A right-touch approach 

This is not to say that the same approach to regulation is always the right one. Our right-touch regulation approach advocates for only using enough, and no more, regulation to address a risk to a tolerable level of assurance. In the healthcare context, risks can include physical, emotional, psychological, digital and financial harms. Regulation is often not, nor should it be, be the primary mitigation for these risks. The culture of an environment is crucial to patient safety – and so employers play an important role in creating the conditions in which safe care can be delivered. The context for health delivery is different across the four countries, and again within each country at a local level – so it is right that professional regulation is not used as a ‘broad brush’ but as one of a range of tools. 

Is the answer, then, to have a broad, overarching regulatory framework that can provide for consistency on the issues that matter most, while allowing enough flexibility for tailoring at a local level? This might be best focused on the areas where we need to make these shifts: for example, principles for regulating for the use of artificial intelligence by professionals. It might also mean a broader definition of patient harm, and a greater collective understanding of the priority risks for professional regulation at any given time. This could be described as a regulatory strategy to support workforce change.

Reform as an opportunity

Reform of the professional regulators presents an opportunity to achieve this. The intention to give the regulators greater flexibility and in turn, agility and doesn’t have to lessen public protection if underpinned by a shared understanding of the principles of good regulation and by collaborating to address new and emerging risks.

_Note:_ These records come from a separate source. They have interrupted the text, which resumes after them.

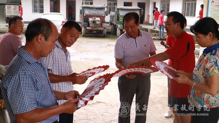 (李朝鋒書記向村干部介紹廣商院文化扇的來(lái)歷)
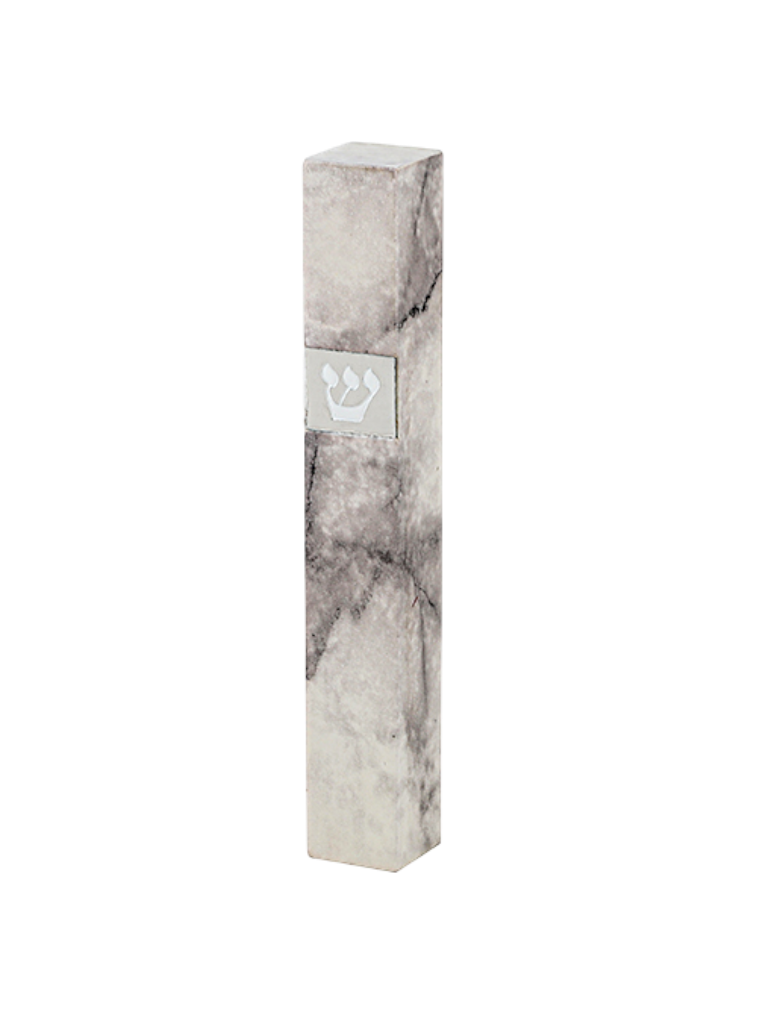 Wooden mezuzah in grey marble with a metal plaque. Mezuzah without scroll. Scroll can be purchased separately. Mezuzah may vary slightly in colour.
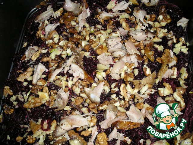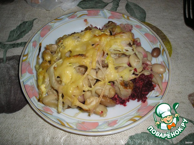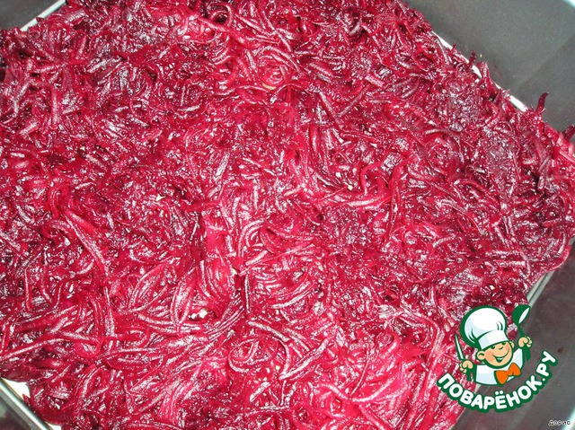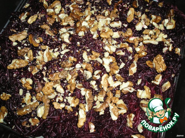 Буряк натираем на крупной тёрке и выкладываем в форму для запекания.
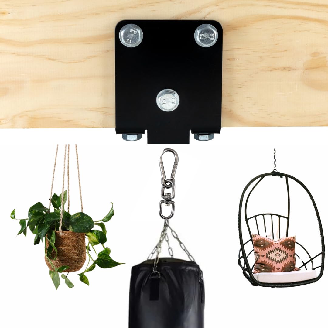 Soporte colgante para bolsa de boxeo de acero negro con mosquetón y gancho giratorio de 5.5 x 4 pulgadas con 3 pernos de 3.9, 3 pe
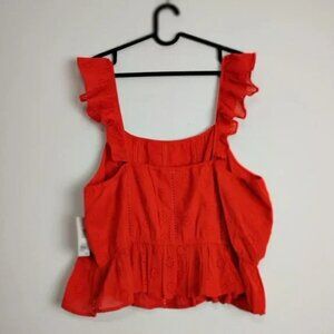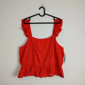 NWT BP Eyelet Ruffle Peplum Crop Tank Top 1XL Orange Red Cotton Summer Chic

At the PSA, we see our role about helping to achieve this. In the autumn, we will launch a new version of right-touch regulation, updated and enhanced to reflect the increasingly complex and dynamic environments regulators find themselves needing to navigate. We are also updating our Standards for the regulators and Accredited Registers we oversee, so they can better identify and promote best practice. 

We will continue to do this by engaging with others – as we know that collaboration is critical for the prevention of harm.